Peter Boyne was sweating profusely, but joy mixed with adrenaline coursed through his body. He muttered,

“Oh, my beauty.”

He slid the side door open, threw the body inside, didn’t dare look around but moved quickly, got in the driver’s seat, and slowly pulled away. He hit the music deck. Queen blasted forth,

“We Will Rock You.”

“Too fucking right.”

He shouted.

Punched the air in victory.

As he disappeared in traffic, a lone schoolbag lay on the path, like a discarded wish.

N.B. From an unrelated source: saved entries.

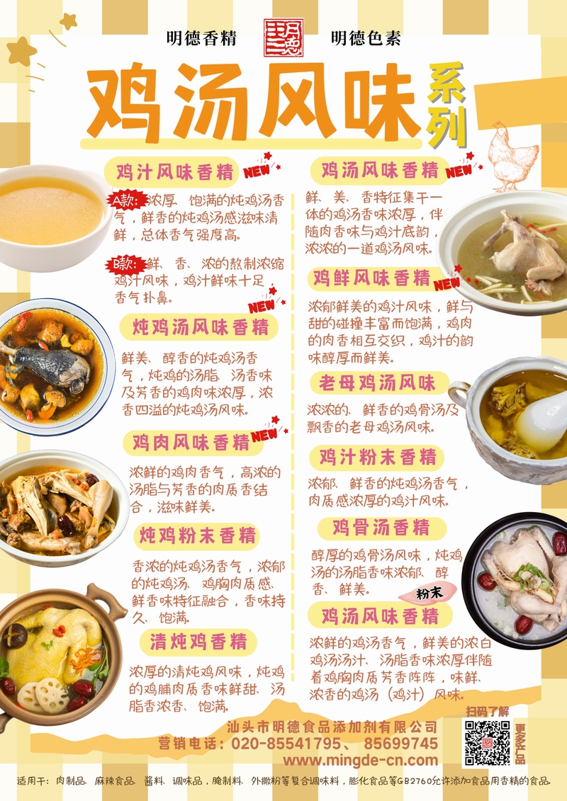 明德雞湯風(fēng)味香精 濃郁鮮香 還原地道雞湯本味汕頭市明德食品添加劑有限公司的雞湯風(fēng)味香精系列,涵蓋雞汁、雞湯、雞鮮風(fēng)味、老母雞湯、雞肉風(fēng)味、雞粉末、雞骨湯、清燉雞等多種品類。產(chǎn)品具備真實的雞肉鮮香、湯香、油香與骨香特征,能夠為醬料、調(diào)味品、肉制品、腌制料及復(fù)合調(diào)味料等B端應(yīng)用提供穩(wěn)定、濃郁的雞湯風(fēng)味解決方案,幫助工廠快速打造風(fēng)味醇厚、回味悠長的雞香產(chǎn)品。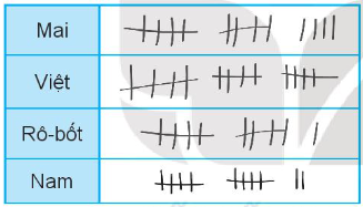 a) Mai: 14 câu; Việt: 15 câu; Rô-bốt: 11 câu; Nam: 12 câu.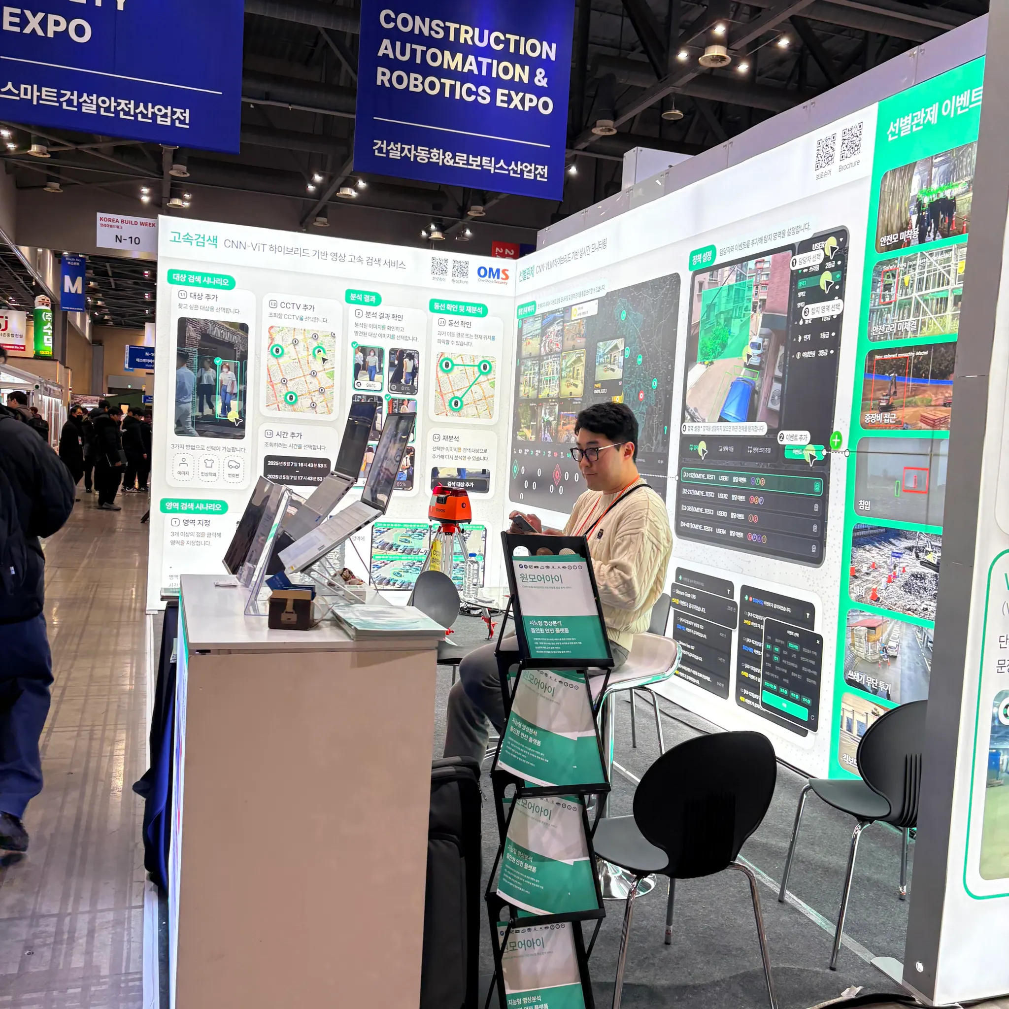 메이사(Meissa)와 OMS 부스에서는 기술이 어떻게 '안전'과 '효율' 을 동시에 잡을 수 있는지 확인할 수 있었어요. 생성형 AI 기반 현장 기록 자동화 기술은 복잡한 현장 관리 업무를 획기적으로 줄여줄 수 있을 것으로 보였어요. 일일보고서나 각종 현장 기록 업무에 소요되는 시간을 상당 부분 절감할 수 있을 것 같았습니다.

In Irish folklore three kinds of silence are identified:

Silence through fear,

Silence through choice,

Silence of compassion.

“I only understood the third.”

(Tevis)

19

Lockdown.

In a whirl of grief, rage, frustration,

I barricaded myself in the apartment.

Some are born to endless night .”

My mind was a cesspool of

Remorse

Recrimination

Revolt.

Any word beginning with R , especially revulsion. Blocked out the world. My phone turned off. Sipping on Jay, trying to measure out how drunk I intended to get. Watched

Fargo 3 .

David Thewlis, in a performance to rival Billy Bob Thornton in series one. This was indeed the time of Noah Hawley, his novel Before the Fall winning a shitload of awards, his early books reissued, and Legion receiving rave reviews in its first season.